- Born: February 14, 1972 (age 54)^{[citation needed]} Tehran, Iran^{[citation needed]}
- Organization: Tavaana: E-Learning Institute for Iranian Civil Society

= Mariam Memarsadeghi =

Iranian-American activist (born 1972)

Mariam Memarsadeghi (مریم معمارصادقی) is an Iranian-American activist advocating regime change in Iran.

==Media commentary==

Memarsadeghi was born in Iran, but left the country as a child during the 1979 revolution. She provides media commentary on issues such as democratic transition, women's rights, civil society, civic education, Middle East politics, internet freedom, and social media. She has participated in several NPR programs, the PBS NewsHour and To the Contrary. She has also appeared on Persian and Arabic language radio and television programs and is frequently interviewed about Iranian politics in both English and Persian.

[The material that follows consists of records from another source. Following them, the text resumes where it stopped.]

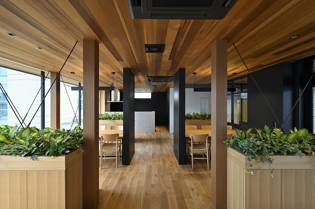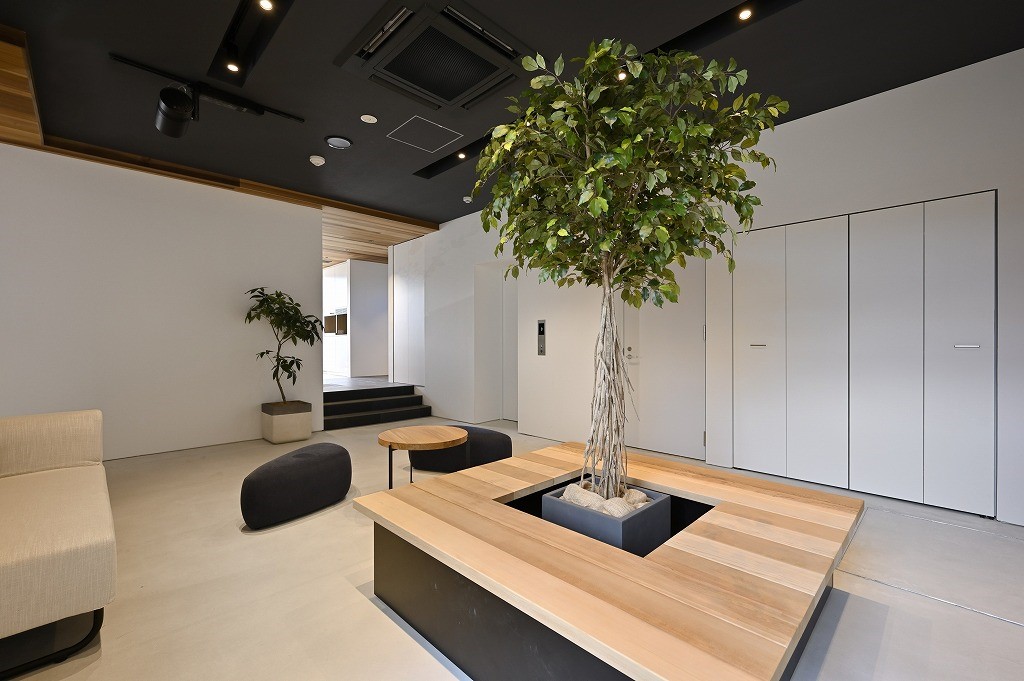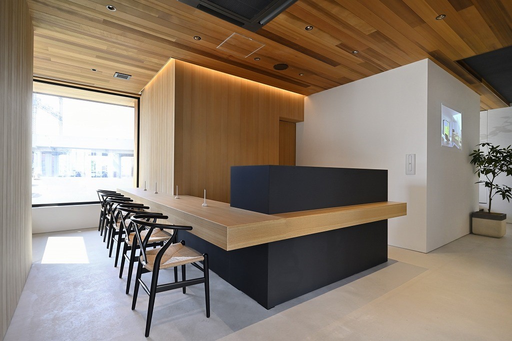 ショールーム棟は受付スペースに北欧の名作椅子「Yチェア」を、商談スペースに アクタスオリジナルの「AOYAMAチェア」をプラン。全体的に北欧の雰囲気で まとめました。
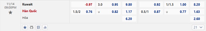 Tip kèo Châu Á full trận Kuwait vs Hàn Quốc
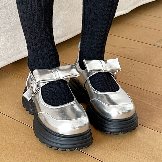 [굽5cm/230~250] 통굽 로퍼 키높이 가보시 리본 스트랩 버클 작작-발발
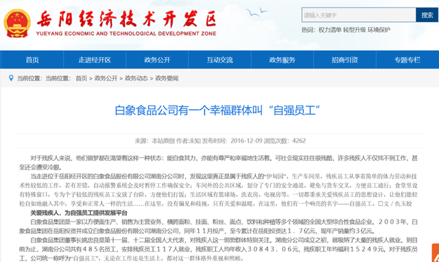 记者查询发现,湖南省岳阳经济技术开发区官方网站曾于2016年12月发表一篇题为《白象食品公司有一个幸福群体叫“自强员工”》的文章,文中提到:(白象食品集团)湖南分公司成立之初,就吸纳了大量的残疾人就业。
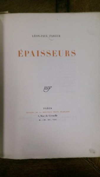 Leon Paul Fargue, Epaisseurs, Paris 1928, Exempar H.C.
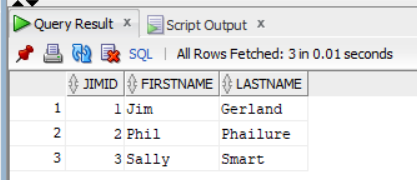 INSERT INTO jimTable (jimID, firstName, lastName) VALUES (1, 'Jim', 'Gerland'); INSERT INTO jimTable (jimID, firstName, lastName) VALUES (2, 'Phil', 'Phailure'); INSERT INTO jimTable (jimID, firstName, lastName) VALUES (3, 'Sally', 'Smart'); 1 row inserted. 1 row inserted. 1 row inserted.
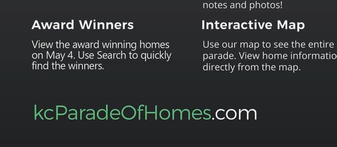 Not all homes featured in the Spring Parade of Homes Guide may be complete at the start of the Parade. Call the builders for completion information or visit www.KCParadeofHomes.com or download the KC Parade of Homes mobile app in the Google Play or Apple Store.
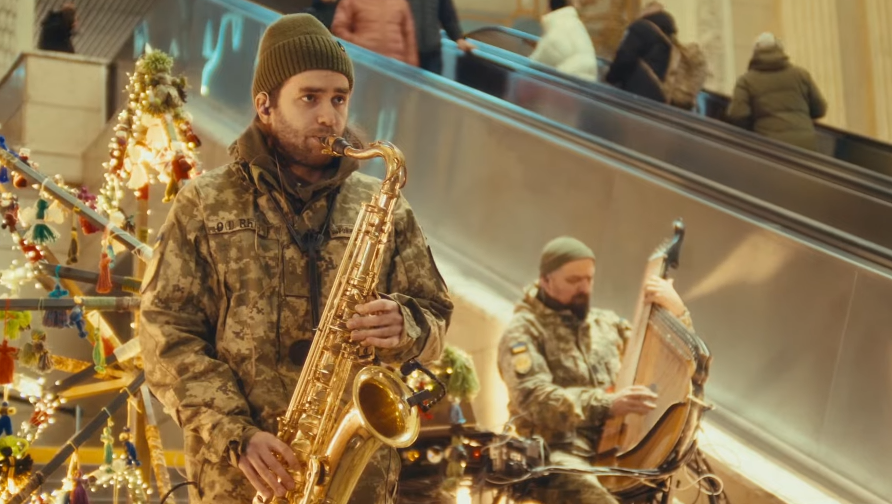 Військовослужбовці Культурних сил представили нову версію “Щедрика”, яку виконали на саксофоні та електробандурі на залізничному вокзалі Києва.
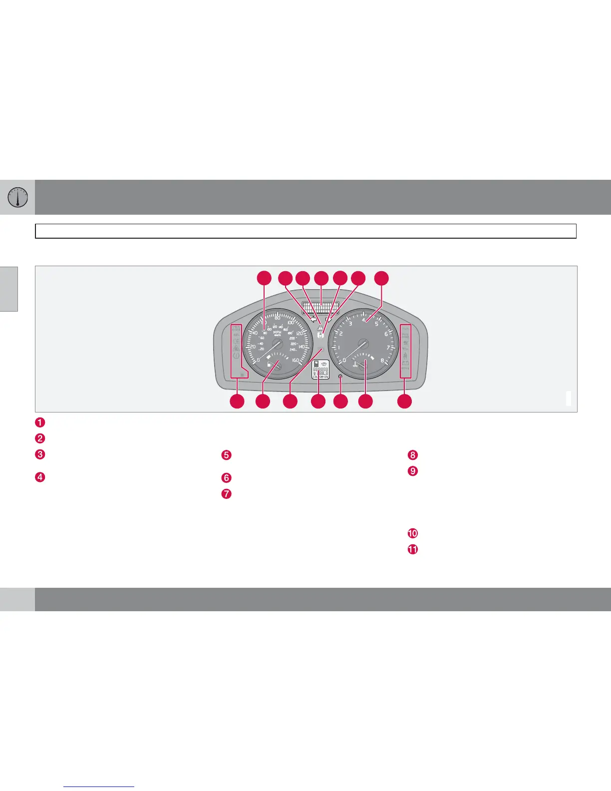 Fuel gauge, see page 271 for fuel tank vol-
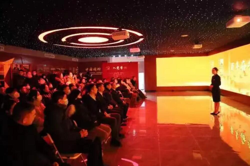 在黨史宣講展廳中,講解員分別從黨史四個歷史階段的關鍵時間節點、重要歷史事件、重點人物為大家開展宣講,結合“影視同期聲”“歌曲渲染”“圖文并茂”等特色形式,將黨的歷史在270°U型互動影像上予以充分展示,為宣講骨干帶來一場生動而深刻的黨史課程。
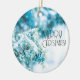Berries hang off a branch covered in snow in this winter-inspired ornament.
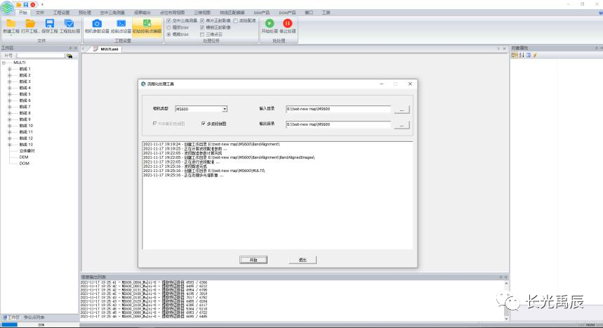 打开软件,选择新建工程(影像内置GPS)→点击左上角添加影像图标,选择所有配准后的_Multi.tif 文件→输入工程名,保存工程。
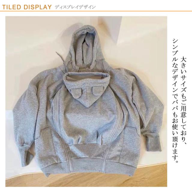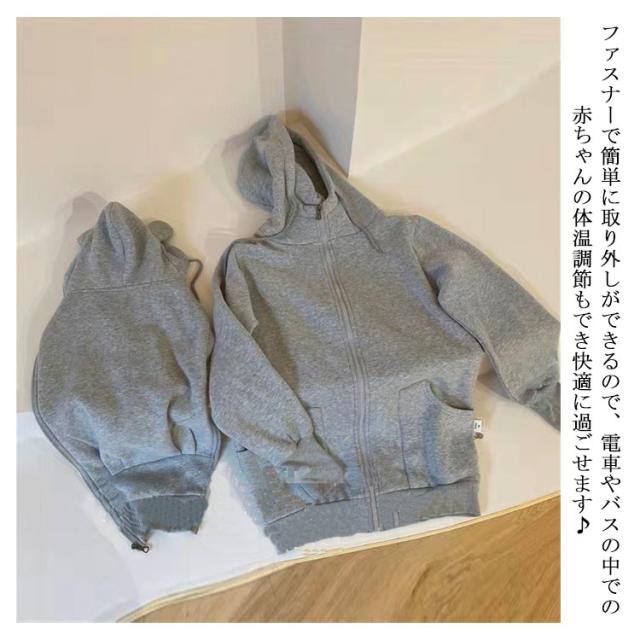 | 赤ちゃんを抱っこしたまま羽織れるダッカー付きパーカー。 裏起毛なので秋冬のアウターに最適! フードつきで頭から足先まで赤ちゃんを寒さから守ります! ファスナーで簡単に取り外しができるので、電車やバスの中での赤ちゃんの体温調節もでき快適に過ごせます♪ 取り外し可能なダッカー付きなので、産前産後ずっと活躍してくれる優秀アイテムです。 裏起毛なのでママもお子様もあたたかく過ごせる優秀アウターです。 大きいサイズもご用意しており、シンプルなデザインでパパもお使い頂けます。 | |
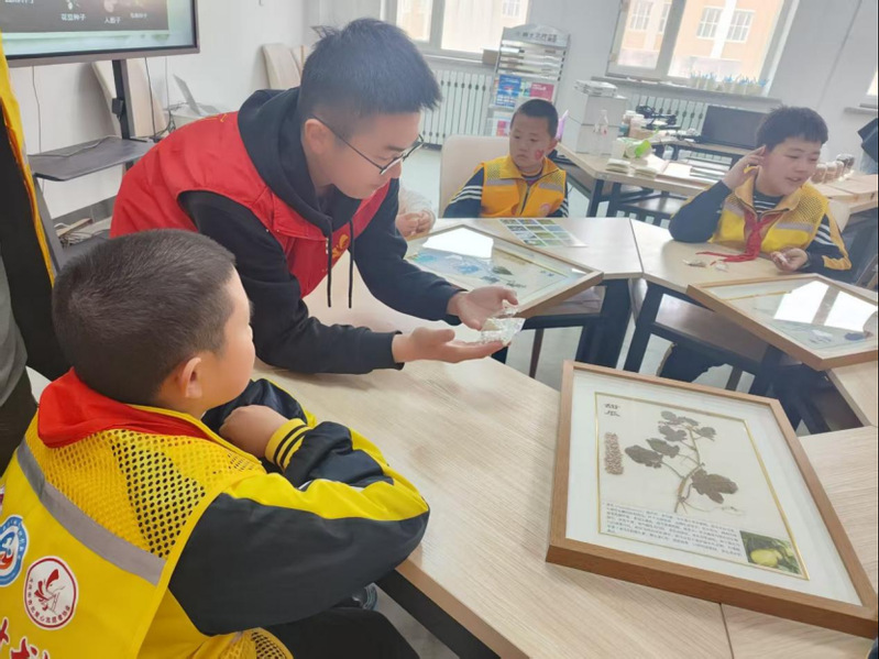 激光雕刻体验环节中,社团成员演示操作流程,引导孩子们感受现代科技与传统种艺文化的交融之美,激发创新思维,拓宽视野。同时,社团成员围绕北大荒精神,为孩子们讲解“自力更生、艰苦创业、勇于开拓、甘于奉献”的精神内涵,并结合基础农学知识,帮助他们了解农耕文化,厚植爱农兴农情怀。

Her writing has been published in journals and in newspapers, including The Wall Street Journal, The Washington Post, The Globe and Mail, and Tablet.

==Public speaking==

Memarsadeghi has spoken on issues related to democracy at universities around the world and research institutions such as the Henry Jackson Society, American Enterprise Institute, Aspen Institute, Council for Community of Democracies, Council of Europe, Freedom House, Legatum Institute, Hudson Institute, Texas Lyceum, Robert J. Dole Institute of Politics, Project on Middle East Democracy, Silicon Valley RightsCon, Woodrow Wilson International Center for Scholars., the Clingendael Netherlands Institute of International Relations, Foundation for Defense of Democracies, the Ditchley Foundation, the National Endowment for Democracy and the Danish Institute for Human Rights.

She has delivered a talk at the UK Parliament and moderated Persian language discussions at Tavaana and delivered public talks in Persian language, such as at the Conference of the Association of Friends of Persian Culture, an annual gathering of over 3,000 organized by Iranian Baha'is in Chicago.

Memarsadeghi was a 2017 Presidential Leadership Scholar.

She is a regular judge for the We the People national finals.